Any suitable process, such as beamforming, can be used to determine the location of the sound source relative to the portable device 100 (or devices).

The location of the sound source that is determined can comprise the distance from the portable device 100, or other suitable reference point, to the sound source. In some examples the location of the sound source that is determined could be the distance and direction from the portable device 100.

At block 206 the method comprises comparing the location of the sound source as determined at block 204 with the respective locations for the two or more candidate devices 102. The locations of the candidate devices 102 can be determined when the candidate devices 102 are identified, or can be identified using any other suitable process. The comparing can comprise correlating the locations of the one or more sound sources with the locations of the candidate devices 102 to determine if there is a match or a substantial match.

At block 208 the method comprises selecting a candidate device 102 for connecting to the at least one portable device 100. The selection is made based, at least in part, on the comparison between the location of the sound source and the respective locations for the two or more candidate device 102. The selected candidate device 102 can be the candidate device 102 that has a location that matches, or substantially matches, the location of the identified sound source. The selected candidate device 102 can have the same or similar location as the identified sound source.

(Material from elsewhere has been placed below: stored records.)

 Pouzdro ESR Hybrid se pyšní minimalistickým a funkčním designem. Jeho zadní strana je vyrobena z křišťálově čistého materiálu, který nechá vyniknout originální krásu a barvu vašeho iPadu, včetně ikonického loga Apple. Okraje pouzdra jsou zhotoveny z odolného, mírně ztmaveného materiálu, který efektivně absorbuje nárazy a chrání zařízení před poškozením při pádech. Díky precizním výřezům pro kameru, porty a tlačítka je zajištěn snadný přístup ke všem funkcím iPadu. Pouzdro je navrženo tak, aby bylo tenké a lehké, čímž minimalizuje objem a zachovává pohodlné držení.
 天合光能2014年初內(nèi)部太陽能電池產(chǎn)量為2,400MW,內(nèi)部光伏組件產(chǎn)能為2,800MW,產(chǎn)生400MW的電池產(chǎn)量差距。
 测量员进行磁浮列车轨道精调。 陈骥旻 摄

Once a candidate device 102 has been selected then the selected candidate device 102 is connected to the portable device 100 to enable the selected candidate device 102 to provide audio content, and/or any other suitable type of content to the at least one portable device 100. The connection between the portable device 100 and the selected candidate device 102 can be a wireless communication link. The wireless communication link can be established using any suitable wireless protocol such as Bluetooth, Bluetooth Low Energy, Bluetooth Smart, 6LoWPan (IP_v6 over low power personal area networks) ZigBee, ANT+, near field communication (NFC), Radio frequency identification, wireless local area network (wireless LAN) or any other suitable protocol. The wireless communication link enables pairing of the portable device 100 with the selected candidate device 102. Once the candidate device 102 has been selected the communication link can be established automatically without any further input from the user 104.

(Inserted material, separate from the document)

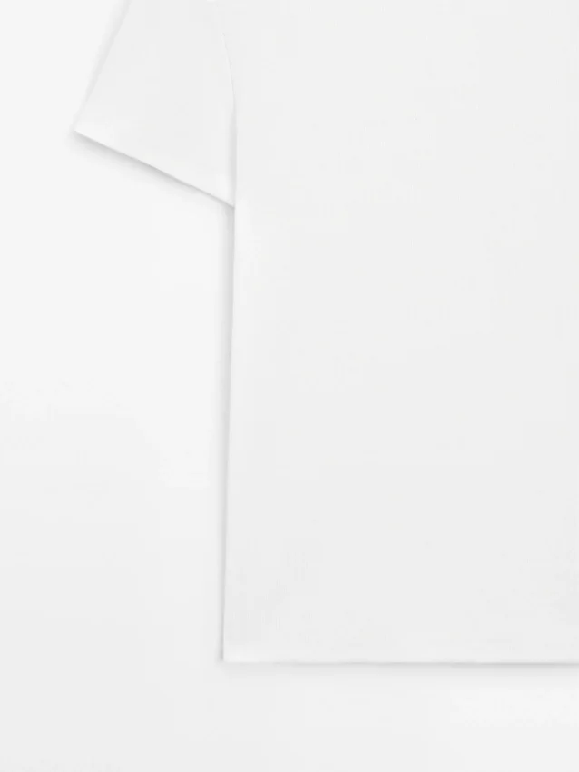 Cotton Blend T-Shirt. Slightly Fitted Silhouette, Providing a More Defined and Slim Appearance. Crew Neck. Short Sleeves. Ribbed Trims . Made from a Slight Stretch Fabric.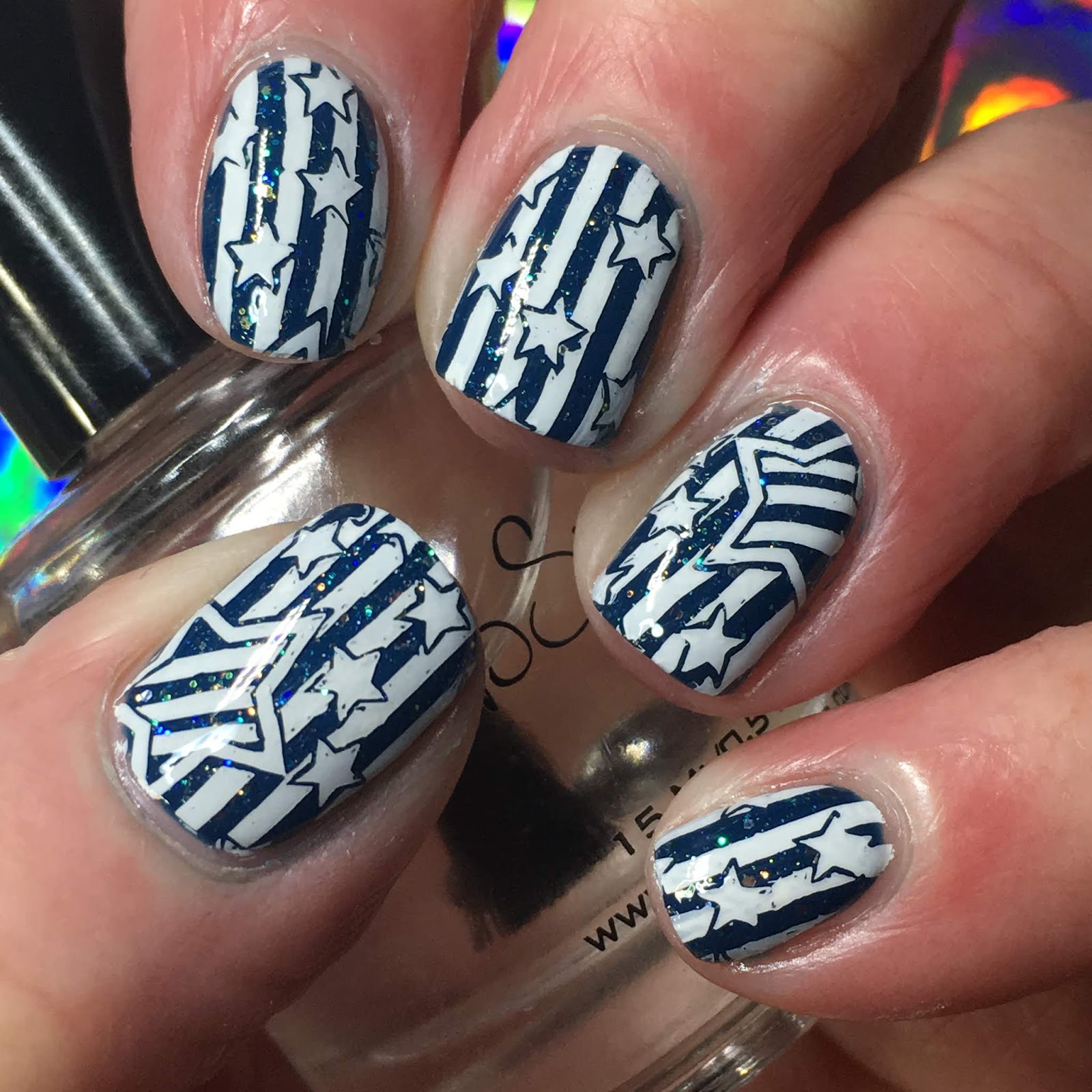 Stamped with an image from Mezerdoo B7 using MdU 1. Fortunately, my nails were short enough that I could do stars and stripes on most of the nails with the larger star and the stripes as accents, just for a little variety and interest. Another one of my favourite nail things to do; use different aspects of a image on each nail. I also used a fairly hard clear stamper as I find the softer stampers usually distort the lines so they aren't as straight as they should be. It seemed to work well; the lines look pretty straight overall. The clear stamper helps too with making sure the lines are placed straight too!

FIG. 3 shows an example use case scenario for examples of the disclosure. In this case the user 104 is using a first candidate device 102A to watch music videos. In this example the first candidate device 102A is a laptop. Other types of candidate devices 102 could be used in other examples.

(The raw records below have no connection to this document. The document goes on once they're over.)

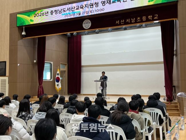 (원투원뉴스) 충청남도서산교육지원청은 3월 21일 서산서남초등학교 체육관에서 2026학년도 제24기 서산교육지원청영재교육원 입학식을 개최했다. 이날 입학식에서는 서산인재육성재단이 장학금 2천만 원을 기탁하며 지역 인재 양성에 힘을 보탰다.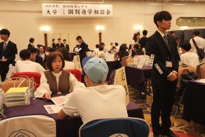 参加大学ごとに設置されたブースで、それぞれの 入試担当の先生方が、進学や進路実績、入試の傾向、教育方針、校風やクラブ活動など、各大学の特色について、個別に説明してくださいました。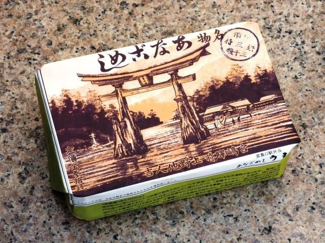 これも美しい駅弁ですね。日本三大急潮の一つである来島海峡で育つ天然真鯛を使っているので、極めておいしい。容器に笹の葉を1枚敷き、白い酢飯を詰めて大葉をのせ、鯛の身で一面を覆う。鯛の白身の下に敷かれた大葉が透き通って見えるのがアーティスティック。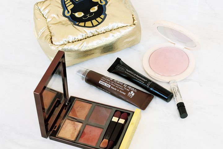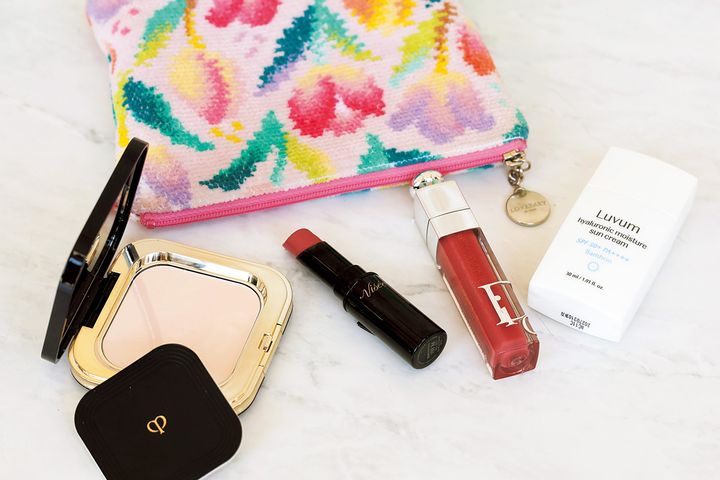 自身が開発したBBクリーム、AMYUのエデュケートBは塗り直しても厚塗りにならず、メイク直後のような仕上がりに。エルメスのネイル&キューティクルオイルやレプリカのハンドクリームでハンドケアもしっかり。リップは3本、アホ毛スティックも持ち歩いて細部まで抜かりなく。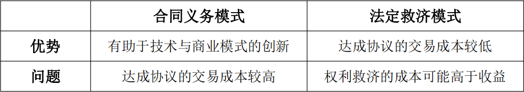 合同义务模式下,理论上可以达成有效率的资源分配。优势在于有助于技术与商业模式的创新,问题在于双方达成协议的交易成本较高;法定救济模式下,优势在于双方达成协议的交易成本较低,问题在于可能导致权利救济的成本高于收益。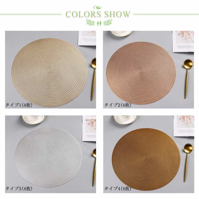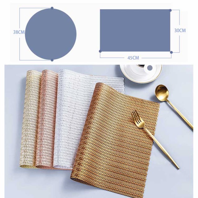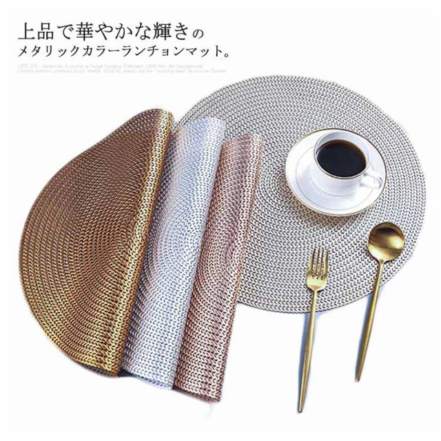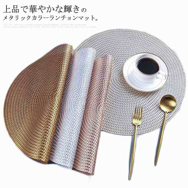 ランチョンマット 4枚セット ディスプレイマット おしゃれ メタリック調 キッチン用品 キッチンファブリック マット プレースマット 北欧風 シルバー ゴールド ラウンド型 インテリア 高級感 かわいい ファッション おしゃれ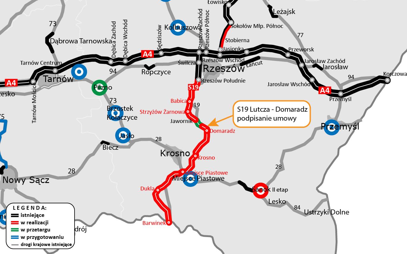Zadanie S19 Lutcza – Domaradz zostało podzielone na dwa odcinki realizacyjne, z których jeden jest z krótszym terminem realizacji. Aby umożliwić wcześniejsze oddanie do ruchu sąsiedniego odcinka Domaradz – Krosno, węzeł Domaradz wraz z prawie kilometrowym odcinkiem drogi ekspresowej zostanie wykonany w ciągu 35 miesięcy od daty podpisania umowy. Pozostała część odcinka, wraz z tunelem, zostanie ukończona w ciągu 53 miesięcy. Do czasu realizacji robót budowlanych nie wlicza się okresów zimowych tj. czasu od 1 grudnia do 31 marca.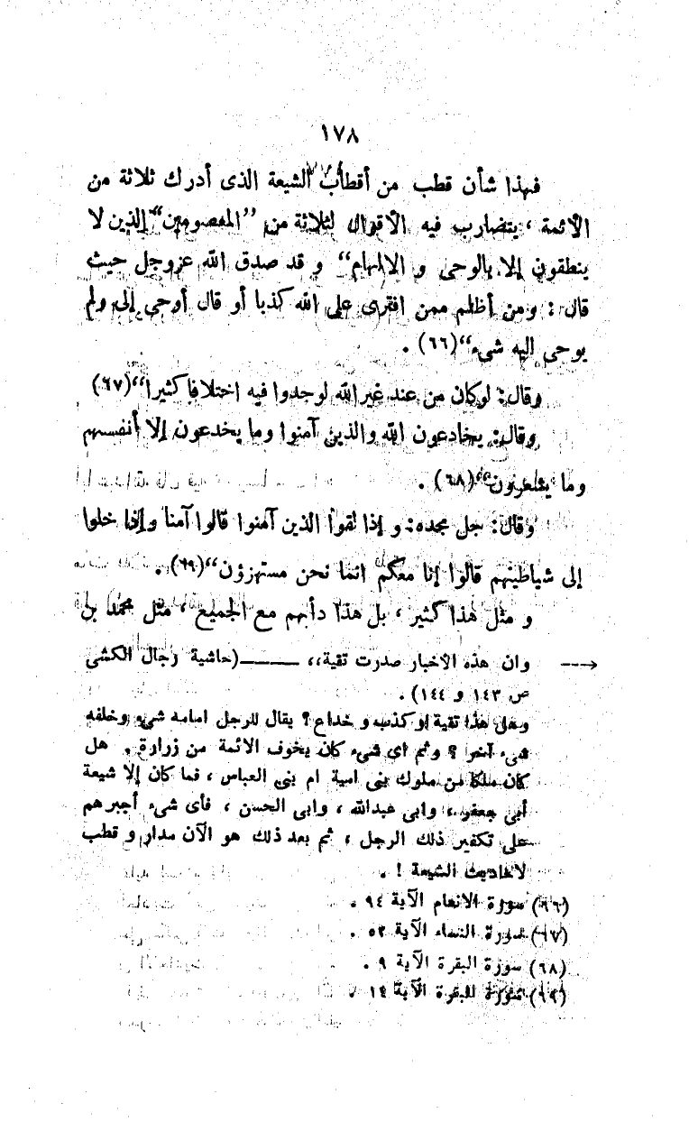 فهذا شأن قطب من أقطاب الشيعة الذي أدرك ثلاثة من الأئمة، يتضارب فيه الأقوال الثلاثة من "المعصومين" الذين لا ينطقون إلا بالوحي والإلهام" وقد صدق الله عز وجل حيث قال: ومن أظلم ممن افترى على الله كذباً أو قال أوحي إلي ولم يوحى إليه شيء" (¬1).

The first candidate device 102A comprises speakers. Initially the speakers of the first candidate device 102A are providing an audio output 300. The first candidate device 102A is therefore a sound source that can be detected by microphones such as microphones located in a portable device 100.

In the scenario shown in FIG. 3 there are also other candidate devices 102B-102C that are located close to the first candidate device 102A. In this example a second candidate device 102B comprises a mobile phone. This could be mobile phone of the user 104. The second candidate device 102B could be active or inactive. In this example the third candidate device 102C comprises a table computer. The third candidate device 102C is being used to write or draw. A stylus 306 is being used to actuate a touch screen of the third candidate device 102C. The third candidate device 102C is not being used to generate any audio content. The third candidate device 102C could be used by a different user to the first candidate device 102A.

The user 104 of the first candidate device 102A decides that they would like to listen to the audio using one or more portable devices 100. In this case the portable devices are earbuds 302A, 302B. The earbuds comprise a right earbud 302A and a left earbud 302B. In use the right ear bud 302A can be positioned in the user's right ear and the left earbud 302B can be positioned in the user's left ear. The respective earbuds 302A, 302B can be different portable devices 100 in that they can function independently of each other.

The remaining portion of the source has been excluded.